One of the marks of American liberalism has been to right the wrongs of former times, to seek justice for the downtrodden, and to repent for our iniquities as a nation.  A certain amount of shame has always accompanied the realization that we have done wrong.   Conversely, one of the marks of American conservatism has been a resistance to feeling shame about ourselves as a nation, but in some ways that pride has stood in the way of realizing one of the most important principles of the Judeo-Christian faith systems: repentance.  Long ago, during the Revolutionary War, patriotism meant willingness to die for one’s country, defending one’s freedom.    Modern patriotism has veered off course, attempting rather to defend one’s pride.  Modern patriotism has become synonymous with pride, rather than sacrifice.  And overweening pride can easily become a sin.  I do not seek to take away the source of anyone’s pride.  People want to feel good about themselves.  That’s their right.  We all need pride, as does any child being trained to walk or speak.  We all need a gold star on our homework. But how long do we have to be given gold stars in order to keep us moving forward?  After a while, we need to put away childish things and walk on our own. And a part of this is recognizing our mistake, taking responsibility for our iniquities, for repentance.

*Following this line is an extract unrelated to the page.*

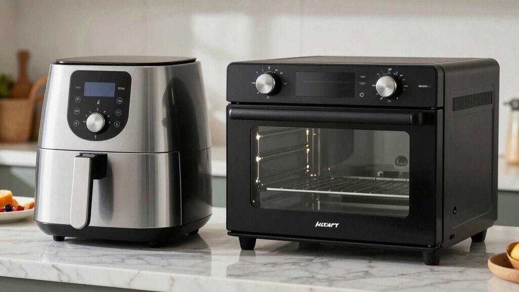 Convection ovens generally consume more energy than air fryers because they’re larger and take longer to heat. Air fryers are more energy-efficient due to their compact size and rapid cooking times, reducing overall energy consumption and environmental impact. If you’re looking to save power, choosing an air fryer can be a smart move since it uses less electricity, helping you cut down on energy costs and your carbon footprint.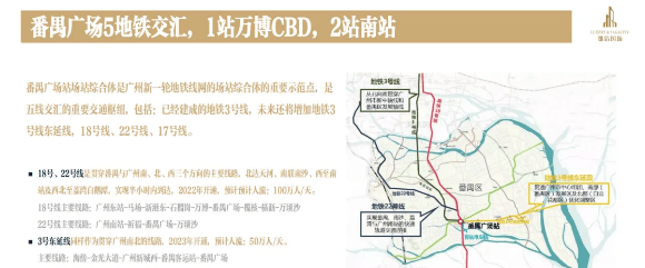 答:地铁 3 号线、18 号线、22 号线已通车运营,17 号线正在建设中,预计 2027 年建成通车;番禺广场地下空间及公园复建工程预计 2025 年底部分区域开放,2026 年全面竣工。

We need a healthy dose of pride in who we are, as a people, as a nation.  But we need that pride to be tempered with humility and compassion, and indeed, repentance for our wrongdoings.  King David, the model of the Biblical king, modeled humility before God, and embodied repentance.  Are we claiming to be greater than David?  Have we surpassed him in perfection?

So how do I feel about American exceptionalism?  I believe that our exceptionalism lies in our ability to embrace the diversity that made this nation, and through it to build unity.  In welcoming the immigrants of all classes, creeds, races, colors, and abilities, who were able to make this nation prosperous and industrious, and who can still do so if given the right opportunities.  Taking the best of all cultures and sharing and appreciating them.  And are we a melting pot or a salad bowl? I don’t care.  We’re both.  We’ll start our meal with salad and then we move on to the fondue.  And Guess what? After the meal, there is a delicious fruit salad for us all to enjoy! That diversity can make all of us stronger, individually and corporately.  And Our exceptionalism lies in our compassion toward other nations, neighbors or not, allies or not, being willing to lend a hand in the face of adversity and tragedy, being willing to build bridges where there were only chasms.  Our exceptionalism lies in our ability and our desire to make peace and to avoid war, not to thrive in it and get rich on it.

I want us to feel good about ourselves and our accomplishments. But I want us to do better and to be better; to never stop trying to become what God wants us to be, what our better natures want us to be.  We have a lot to be proud of, but we also have a lot farther to go.  As with any promising teenager, we cannot let them rest on their laurels and be satisfied with a few A papers, a few perfect test scores, a few goals or touchdowns scored.  There is a whole life ahead of us, but we are going to have to graduate high school and go to college, or embark on a career.  No one is going to give us handouts just for being a good student. We have to keep working.  And if that requires a little humility, and a little repentance, and a few “I’m sorries”, then so be it, if it will ensure that we remain righteous and that we retain the greatness that our ancestors worked so hard for.  Be proud of our achievements, be humble about our natural abilities, and be quick to apologize, to police our own, to make amends, to build alliances and to move on.  And to embrace the greatness that I know we are capable of.